Certain resources are non-renewable and some renew very slowly. Other materials are not naturally occurring or may be rare. Some materials are damaging to the environment or health if disposed of as waste. Substances needed regularly must be used again and again over time. The cycles which bring the needed materials back for reuse must either occur naturally, like the cycles of water and carbon, or they must be maintained through mindful recycling programs.
All countries produce large quantities of agricultural and industrial wastes as well as growing quantities of consumer wastes, none of which are adequately utilized. Common recyclable materials include engine and lubricating oils, plastics, paper, clothes and rags and organic rubbish for use as compost. Any precious, expensive, toxic and hazardous materials are also natural candidates for recycling.
For recycling to offer true environmental benefits, whatever the material involved, a number of factors must be taken into account. Most broadly, the resources used to collect, sort and recycle must be less than those used to produce virgin material. In practice this means (1) post-use waste must be easily collected and sorted; (2) the recycling process itself does not required excessive use of resources to produce recyclate.
Recycling replaces virgin materials in the manufacturing process. For example, recycling aluminium is 95% more efficient than using virgin aluminium, recycling plastic is 85% more efficient, paper 50%, and glass 40%. But the recycling process still consumes energy (and other resources), and costs money. And for many materials, particularly plastic and to some extent paper, recycling is also a downgrading process. These materials can only be recycled a certain number of times before they degrade beyond all use, and generally then end up in landfill. At this point, they can’t be recovered for waste to energy.
In the last decade, recycling rates of many materials have increased substantially in developed countries. Recycling in many developing countries depends foremost on collection by many scavengers along city streets and at dumps. Thus, whilst less than one percent of officially collected municipal solid waste (MCW) in Brazil is recycled, its industry association figures show that 30% of apparent paper consumption is recycled, 49% of its aluminium cans, 20% of glass containers and 20% of plastic soft drink bottles. Outside Western Europe, The USA and Canada, Brazil has the largest number of so called curbside collection programmes.
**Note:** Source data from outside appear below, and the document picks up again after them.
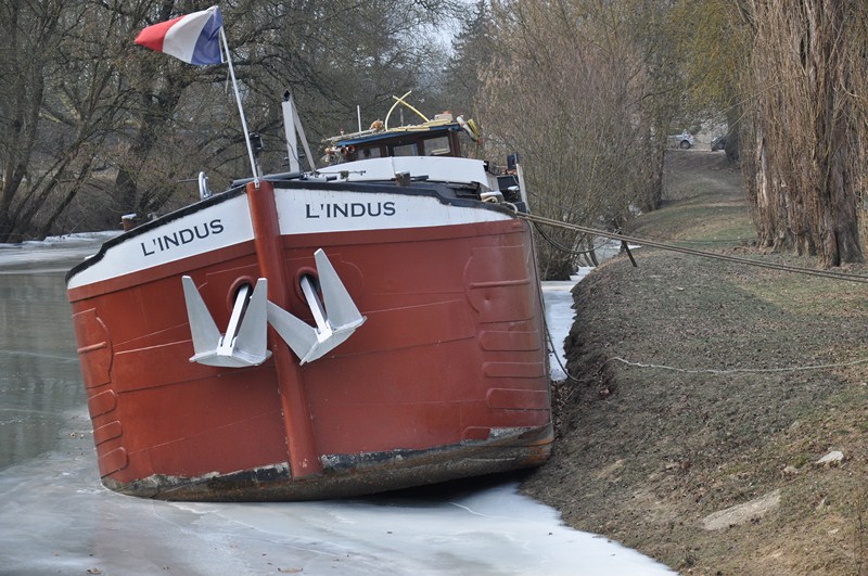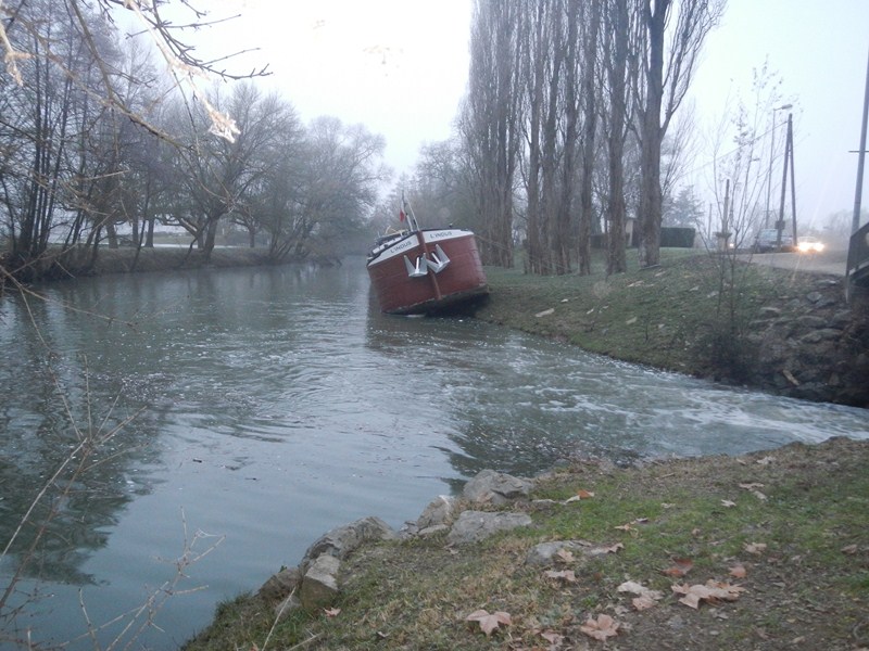 Le 27 janvier, la Saône ayant remonté un peu il n'aurait pas fallu beaucoup pour le remettre à flot, alors je suis allé voir les agents de VNF pour leur demander s'ils savaient dans quelle posture était L'INDUS, il m'a été répondu que VNF n'était pas concerné la Chalaronne n'étant pas de leur ressort.
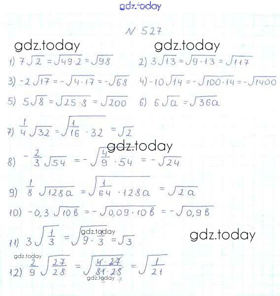 На страницах сайта gdz.today вы найдете учебный и вспомогательный материал, направленный на улучшения знаний школьной программы. ГДЗ - онлайн мир знаний §17. Тождественные преобразования выражений, содержащих арифметические квадратные корни Решение к главе 2. Квадратные корни. Действительные числа 527 Учебнику по Алгебре для 8 класса Мерзляк, Полонский Вентана-граф Алгоритм успеха 2016
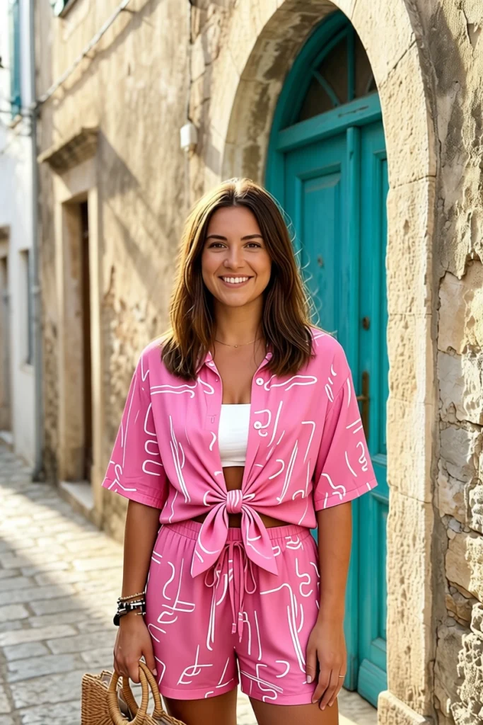 • The Romantic Sundress: Lightweight sundresses in eyelet or floral patterns mirror the bougainvillea spilling over stone archways.
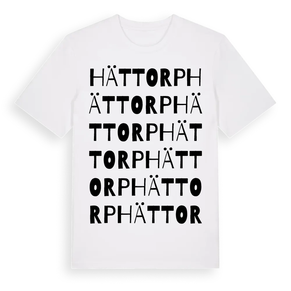 Hättorp ordlek t-shirt är inspirerad av Hättorp i Östergötlands län, Sverige. Tröjan är designad för dig som har en speciell koppling till platsen – oavsett om du bor här, har rötterna här eller bara älskar Hättorp.
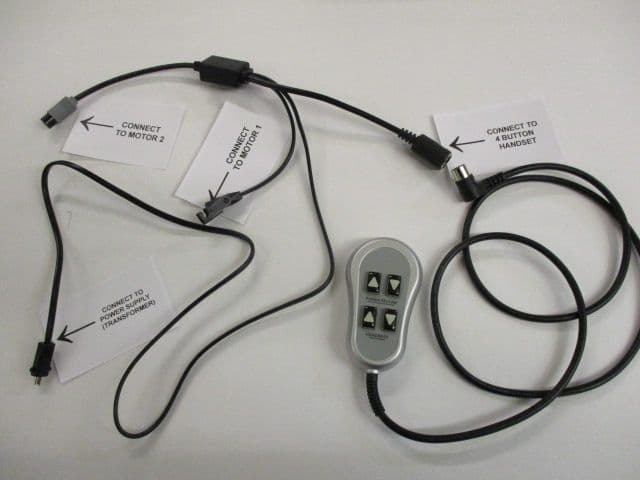 This is a 2 motor contoller system. IMPORTANT - suitable for motors with a single lead only with 1 flat pin and 1 round pin connecting plug. ALSO power supply connection needs to be a single 2 pin plug (1 flat and 1 round) complete with 4 button handset and connecting lead
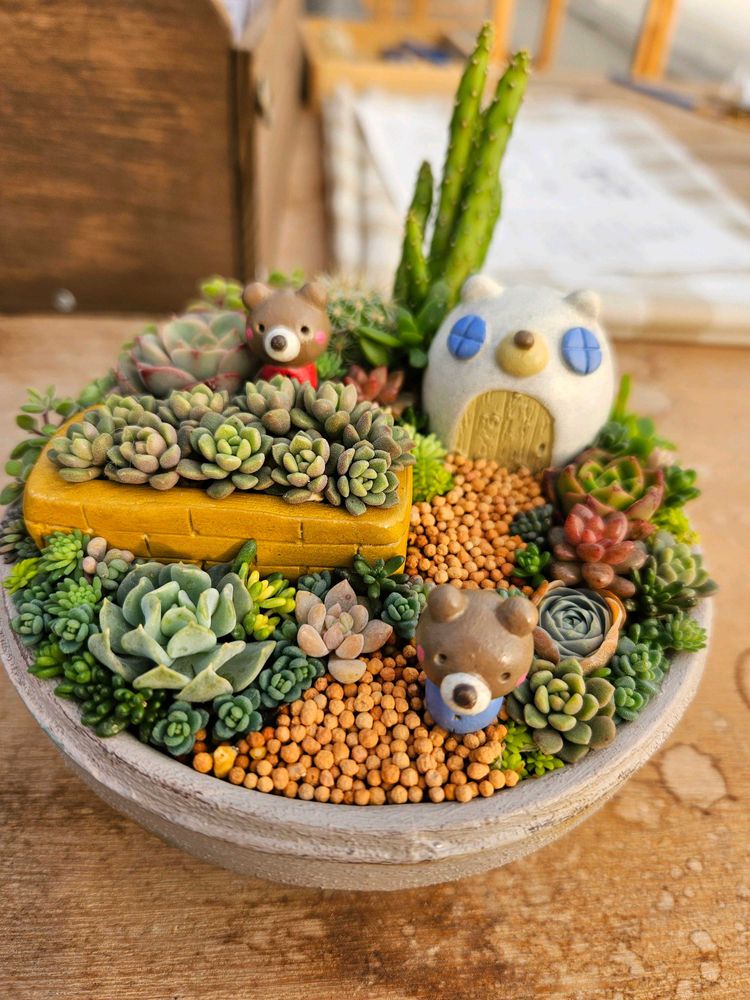 saori.さんの多肉植物,多肉植物寄せ植え,オーブン粘土の投稿画像
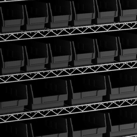 - Includes 12 shelves, 4 posts, and 118 black polypropylene bins
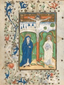 Belle enluminure représentant le Christ, en croix, avec la Vierge Marie à gauche et Saint Jean l'Évangéliste à droite. Paysage en second plan composé de collines arborées et de Jérusalem. Encadrement enluminé de rinceaux fleuris et bezans d'or parsemés
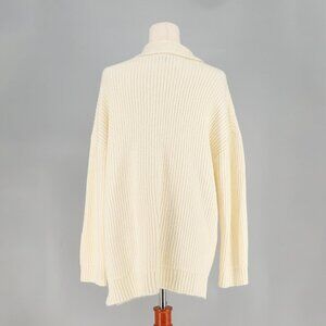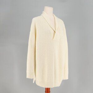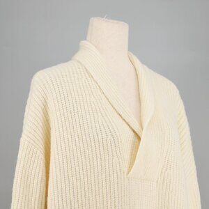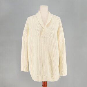 NWT TALBOTS Shawl Collar Shaker Stitch Pullover Relaxed Fit Ivory Size M
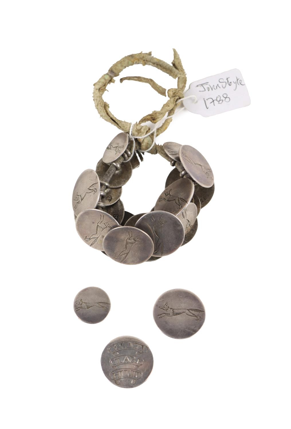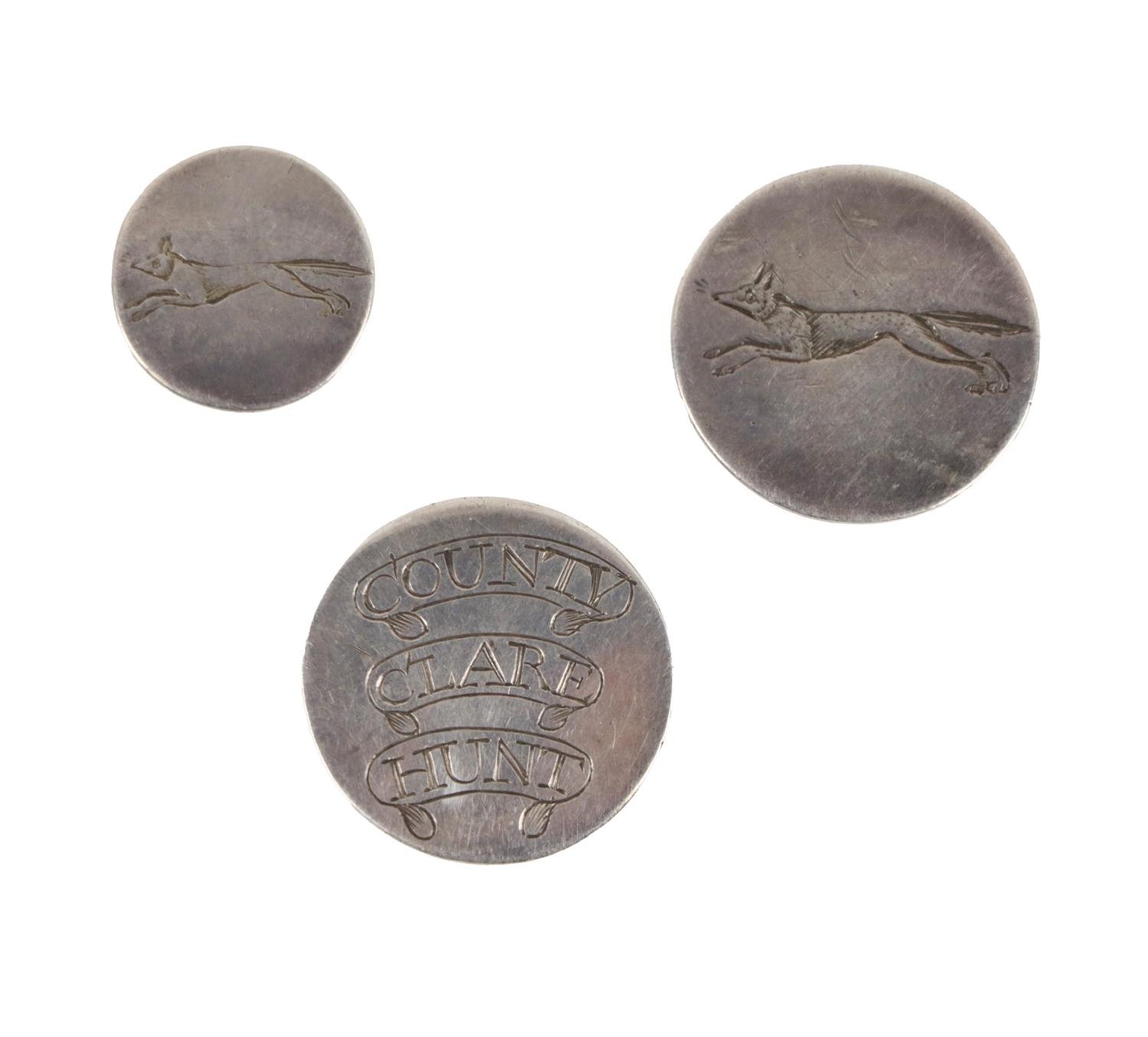 [Co. Clare] An important and rare set of 18th Century Irish silver Buttons, for the Co. Clare Chasseurs and County Clare Hunt, (engraved) and with engraved fox hall marked John Styote (1783-1802). (1)

Developing countries cannot continue to depend infinitely on many of the raw materials that are currently used. Products from the petrochemical industry used as adhesives and binders in the production of increasing numbers of building materials, for example, are becoming too expensive to be used for low-cost construction in many areas. While these limitations affect developed and developing countries equally, ways have not yet been found to utilize fully the enormous amounts of waste produced as substitutes for the expensive imports.
Recycling is just another form of materialism. It simply represents an obsession with excretion as opposed to consumption.